--- TASK TO COMPLETE ---
Return each line of the records with nothing changed, pictures excepted.

Records from a dataset:
-- Opening Marker --
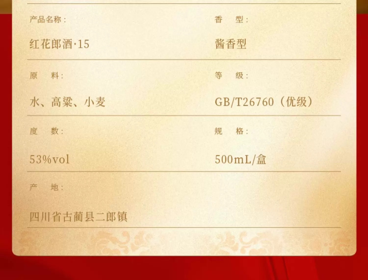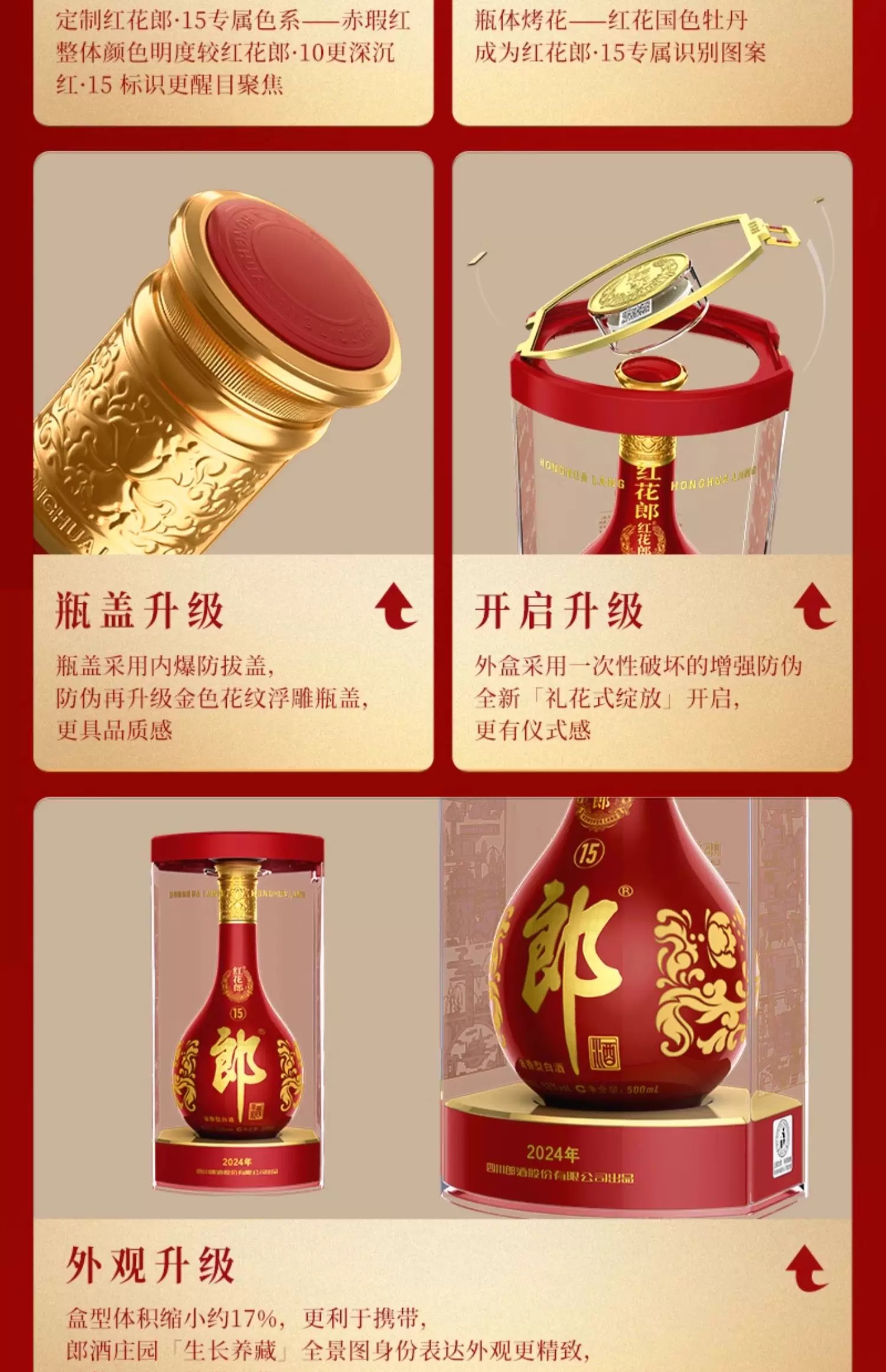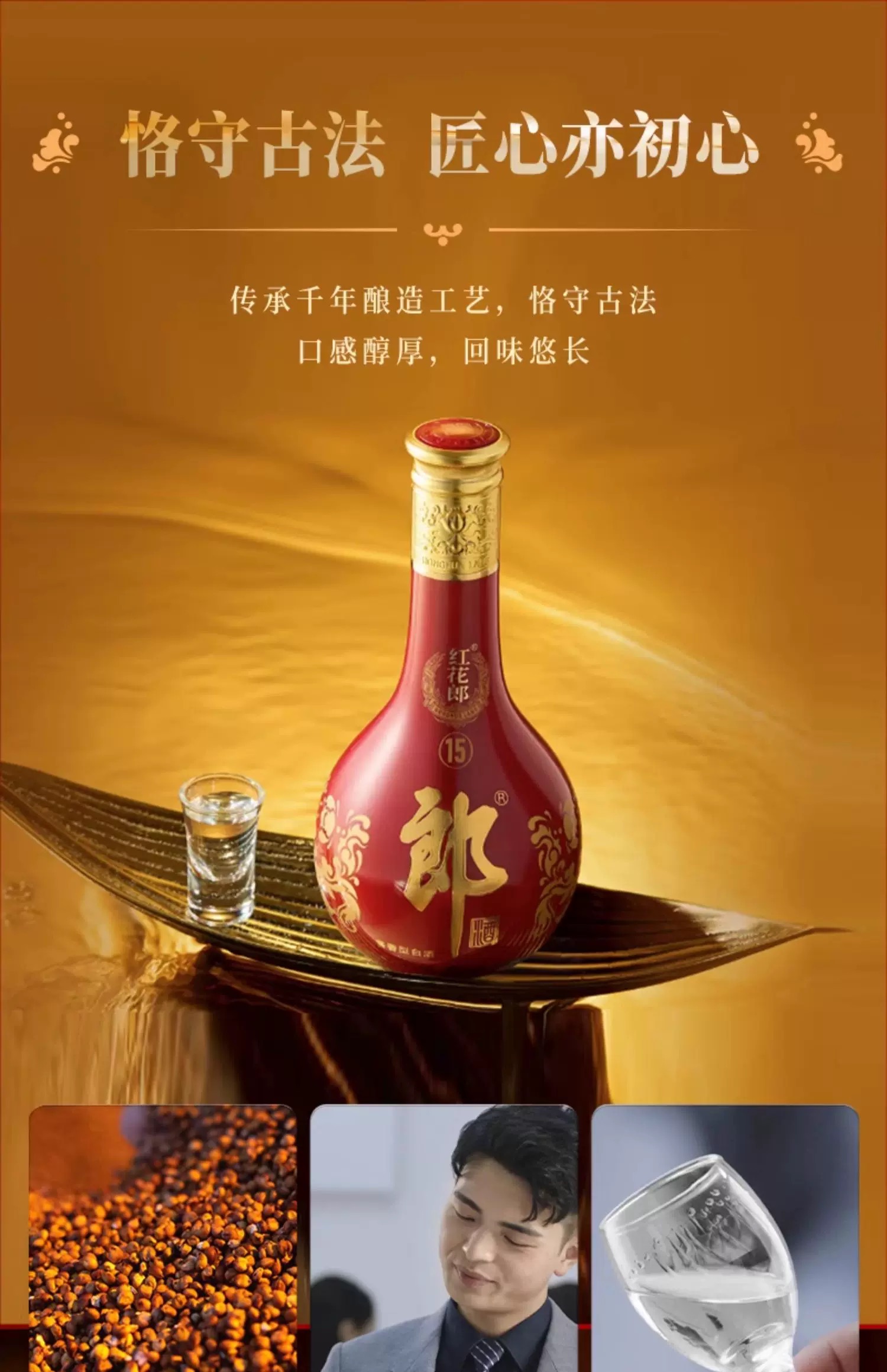 郎酒 红花郎·15 酱香型白酒53度 500ml 六瓶整件装【含礼袋】
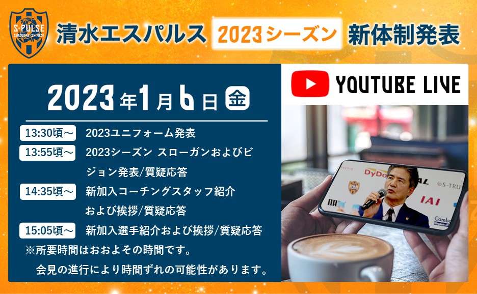 エスパルスは、1 月6 日(金)に行われる2023 新体制発表記者会見において、YouTube ライブ配信を実施しますので、下記の通りお知らせいたします。
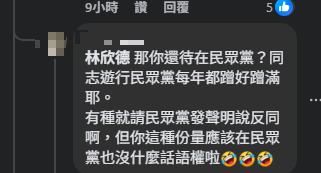 網友們看到貼文後紛紛留言「你不用這樣侮辱人,顯得自己霸道無理」、「民眾黨的我還真不意外 呵呵」、「你是不是父母跟學校都沒教你尊重?可憐的中年人」、「看了黨再看人,算了,正常發揮」、「長這什麼鳥樣還有臉講別人,果然民眾黨的草男都有莫名自信」、「那你還待在民眾黨?同志遊行民眾黨每年都蹭好蹭滿耶,有種就請民眾黨發聲明說反同啊,但你這種份量應該在民眾黨也沒什麼話語權啦」。
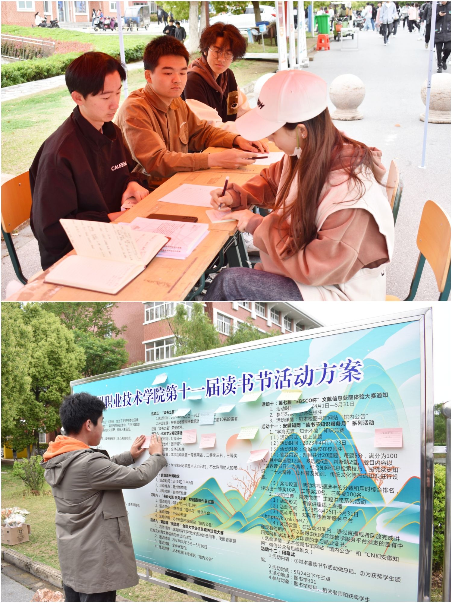 4月24日早上,校学生会成员在小池塘边搭好帐篷,摆好“工作台”。4月24日至25日,路过的同学在“好书推荐表”上写下自己最喜欢的书籍,然后在便利贴上写下心愿,贴到展板上。小小的“墙”,小小的纸,小小的心愿,藏着无数个美好的憧憬和青春。
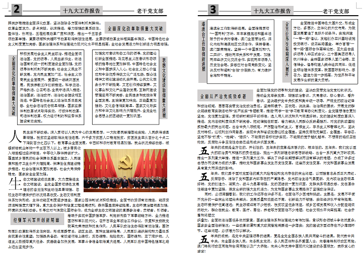 老干黨支部專門印發(fā)了十九大精神系列宣傳小報(bào),通過老年活動(dòng)室使老黨員們能靜下心來“讀原著、學(xué)原文、悟原理”。老黨員們對(duì)學(xué)習(xí)十九大精神熱情高漲,紛紛捧起小報(bào)仔細(xì)閱讀??紤]到有的黨員年齡偏大,老干黨支部將定期在老年活動(dòng)室組織十九大精神朗讀活動(dòng)。(唐蕾榮)
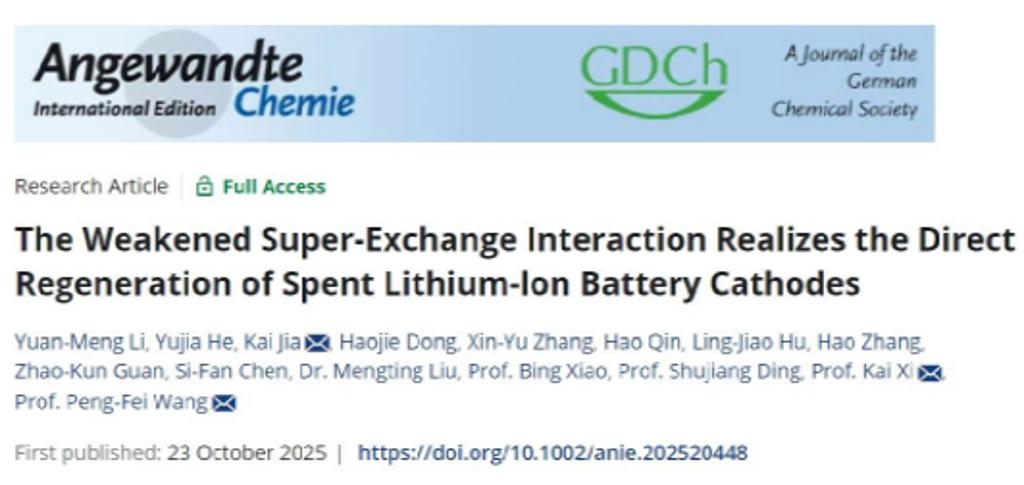 该研究成果以《减弱超交换相互作用实现废旧锂离子电池正极的直接再生》(The Weakened Super-Exchange Interaction Realizes the Direct Regeneration of Spent Lithium-Ion Battery Cathodes)为题,发表在国际顶尖学术期刊《德国应用化学》(Angewandte Chemie International Edition)上。休闲小栈
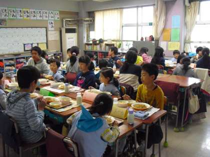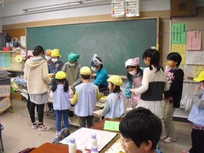 5年生は、並んでいる園児に上手に給食を盛りつけ席へ誘導しています。自分の給食をこぼさないように上手に運んでいる園児たち。
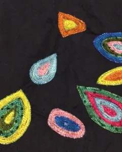 Pantalón recto capri en color azul marino. Estira un poco. Talla 10, está un poco deslavado por el eso; el bordado en perfecto estado.
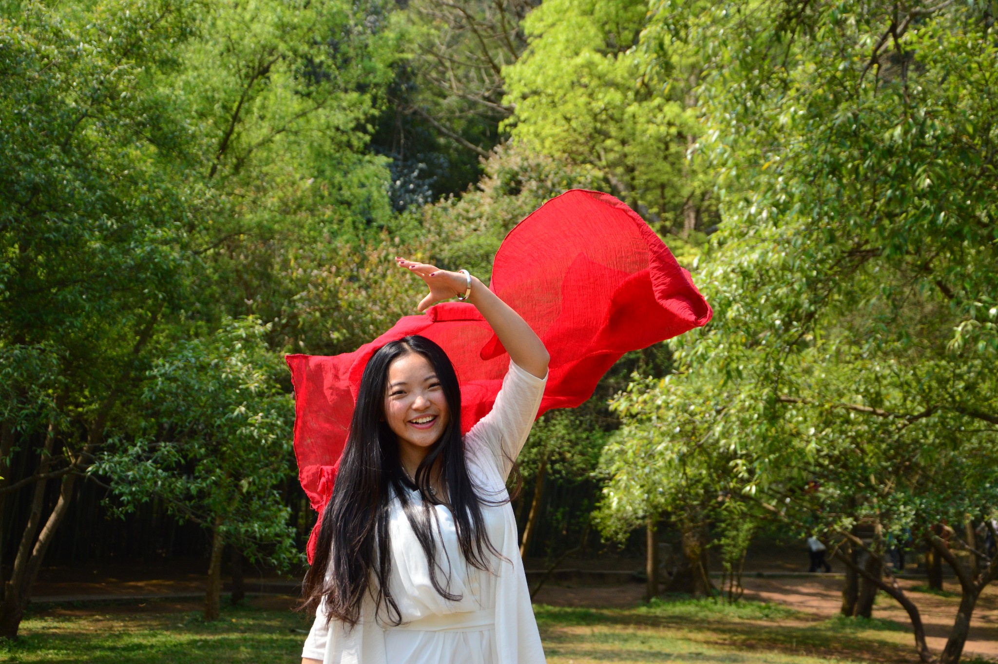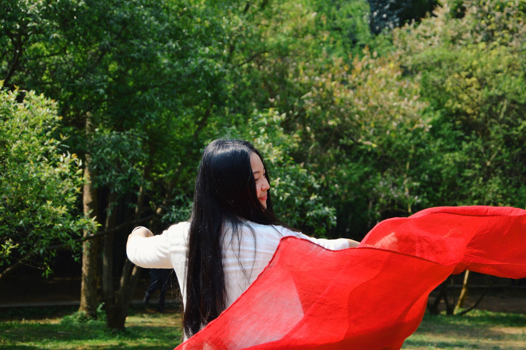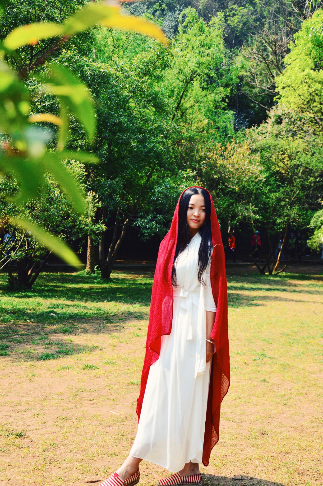 在溪水边午休,小树林里红白色彩搭配,好像也很艳丽,原谅我真的不瘦
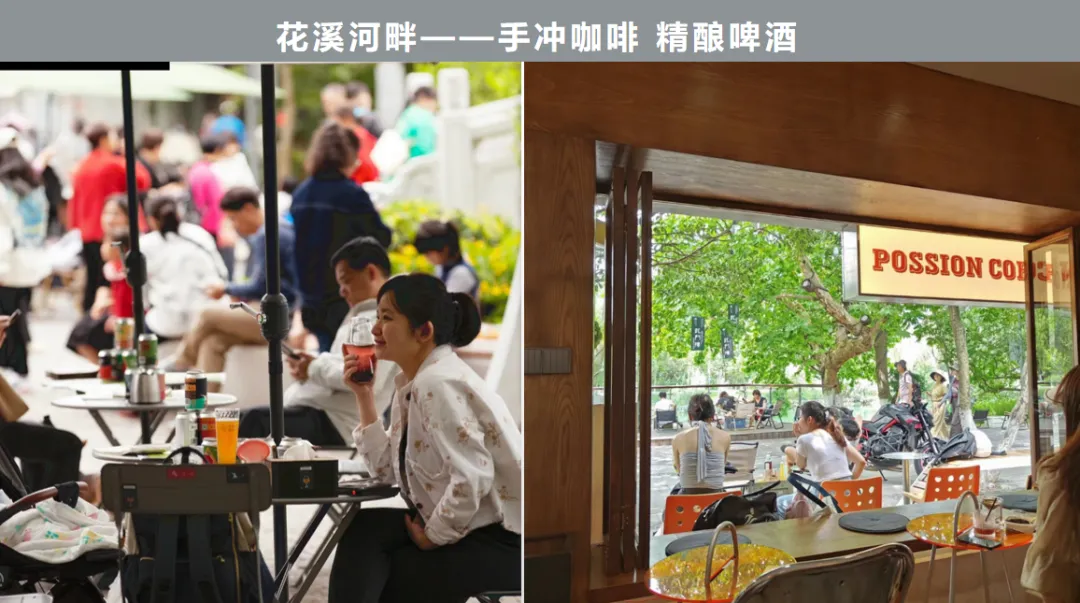 除了花溪牛肉粉传统美食打卡,十字街还有都市青年的休闲派对,白天,这里是水岸小众咖啡的聚集地,辣味咖啡、折耳根奶茶带你领略新潮的贵州味,夜幕降临,这里是各色中式古风与精酿啤酒碰撞的火花,城市露营地、水岸集市、猫的天空书咖……,传统美食被这里的新新人类玩出了花,没有吃不到,只有想不到,味蕾与激情都在这里得到尽情的释放。
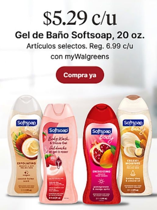 $c/u baño softsoap artículos selectos. reg. mywalgreens compra softspap body wash shave douche raser exfoliating energizing creamy moisture
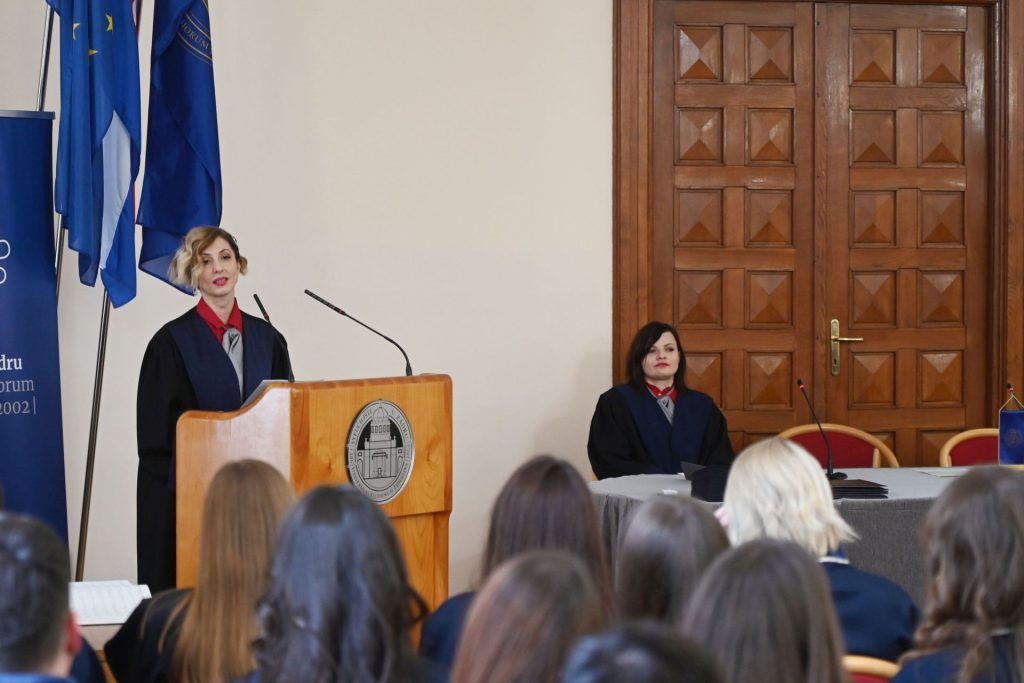 – Pokazali ste hrabrost u ispitima, praktikumima, seminarima i kolokvijima, u učenju, sumnjama, u pokušajima i pogreškama, koje su vas, nenametljivo, oblikovale u današnje promovente. Ako već živimo u svijetu influencera, onda budite influenceri naše struke, psihologije. Ako nešto treba biti viralno i ako nešto treba trendati, onda neka to budu empatija, suosjećanje, zahvalnost, znanje, kritičko mišljenje, osobne i profesionalne granice, odgovornost, trud i disciplina. Možda nećete imati milijune pratitelja, ali ćete imati nešto važnije — ljude koji će se zbog vašeg rada bolje razumjeti, manje patiti, hrabrije i odvažnije živjeti — rekla je promotorica.
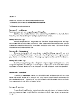 Meluahkan masalah yang dihadapi. Eratkan hubungan dengan teman dan ahli keluarga. Karangan pendek menjaga kebersihan persekitaran.
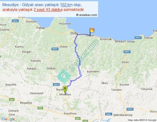 Mesudiye - Gülyalı arası yaklaşık olarak 90 km/h ile yukarıda belirtilen sürede olup, iki yerin kuş uçuşu uzaklığı (mesafesi) 60'dir. Yolculuk otobüsle 3 saat 31 dakika sürmektedir.
-- Closing Marker --
--- EXERCISE OUTPUT ---
 郎酒 红花郎·15 酱香型白酒53度 500ml 六瓶整件装【含礼袋】
 エスパルスは、1 月6 日(金)に行われる2023 新体制発表記者会見において、YouTube ライブ配信を実施しますので、下記の通りお知らせいたします。
 網友們看到貼文後紛紛留言「你不用這樣侮辱人,顯得自己霸道無理」、「民眾黨的我還真不意外 呵呵」、「你是不是父母跟學校都沒教你尊重?可憐的中年人」、「看了黨再看人,算了,正常發揮」、「長這什麼鳥樣還有臉講別人,果然民眾黨的草男都有莫名自信」、「那你還待在民眾黨?同志遊行民眾黨每年都蹭好蹭滿耶,有種就請民眾黨發聲明說反同啊,但你這種份量應該在民眾黨也沒什麼話語權啦」。
 4月24日早上,校学生会成员在小池塘边搭好帐篷,摆好“工作台”。4月24日至25日,路过的同学在“好书推荐表”上写下自己最喜欢的书籍,然后在便利贴上写下心愿,贴到展板上。小小的“墙”,小小的纸,小小的心愿,藏着无数个美好的憧憬和青春。
 老干黨支部專門印發(fā)了十九大精神系列宣傳小報(bào),通過老年活動(dòng)室使老黨員們能靜下心來“讀原著、學(xué)原文、悟原理”。老黨員們對(duì)學(xué)習(xí)十九大精神熱情高漲,紛紛捧起小報(bào)仔細(xì)閱讀??紤]到有的黨員年齡偏大,老干黨支部將定期在老年活動(dòng)室組織十九大精神朗讀活動(dòng)。(唐蕾榮)
 该研究成果以《减弱超交换相互作用实现废旧锂离子电池正极的直接再生》(The Weakened Super-Exchange Interaction Realizes the Direct Regeneration of Spent Lithium-Ion Battery Cathodes)为题,发表在国际顶尖学术期刊《德国应用化学》(Angewandte Chemie International Edition)上。休闲小栈
 5年生は、並んでいる園児に上手に給食を盛りつけ席へ誘導しています。自分の給食をこぼさないように上手に運んでいる園児たち。
 Pantalón recto capri en color azul marino. Estira un poco. Talla 10, está un poco deslavado por el eso; el bordado en perfecto estado.
 在溪水边午休,小树林里红白色彩搭配,好像也很艳丽,原谅我真的不瘦
 除了花溪牛肉粉传统美食打卡,十字街还有都市青年的休闲派对,白天,这里是水岸小众咖啡的聚集地,辣味咖啡、折耳根奶茶带你领略新潮的贵州味,夜幕降临,这里是各色中式古风与精酿啤酒碰撞的火花,城市露营地、水岸集市、猫的天空书咖……,传统美食被这里的新新人类玩出了花,没有吃不到,只有想不到,味蕾与激情都在这里得到尽情的释放。
 $c/u baño softsoap artículos selectos. reg. mywalgreens compra softspap body wash shave douche raser exfoliating energizing creamy moisture
 – Pokazali ste hrabrost u ispitima, praktikumima, seminarima i kolokvijima, u učenju, sumnjama, u pokušajima i pogreškama, koje su vas, nenametljivo, oblikovale u današnje promovente. Ako već živimo u svijetu influencera, onda budite influenceri naše struke, psihologije. Ako nešto treba biti viralno i ako nešto treba trendati, onda neka to budu empatija, suosjećanje, zahvalnost, znanje, kritičko mišljenje, osobne i profesionalne granice, odgovornost, trud i disciplina. Možda nećete imati milijune pratitelja, ali ćete imati nešto važnije — ljude koji će se zbog vašeg rada bolje razumjeti, manje patiti, hrabrije i odvažnije živjeti — rekla je promotorica.
 Meluahkan masalah yang dihadapi. Eratkan hubungan dengan teman dan ahli keluarga. Karangan pendek menjaga kebersihan persekitaran.
 Mesudiye - Gülyalı arası yaklaşık olarak 90 km/h ile yukarıda belirtilen sürede olup, iki yerin kuş uçuşu uzaklığı (mesafesi) 60'dir. Yolculuk otobüsle 3 saat 31 dakika sürmektedir.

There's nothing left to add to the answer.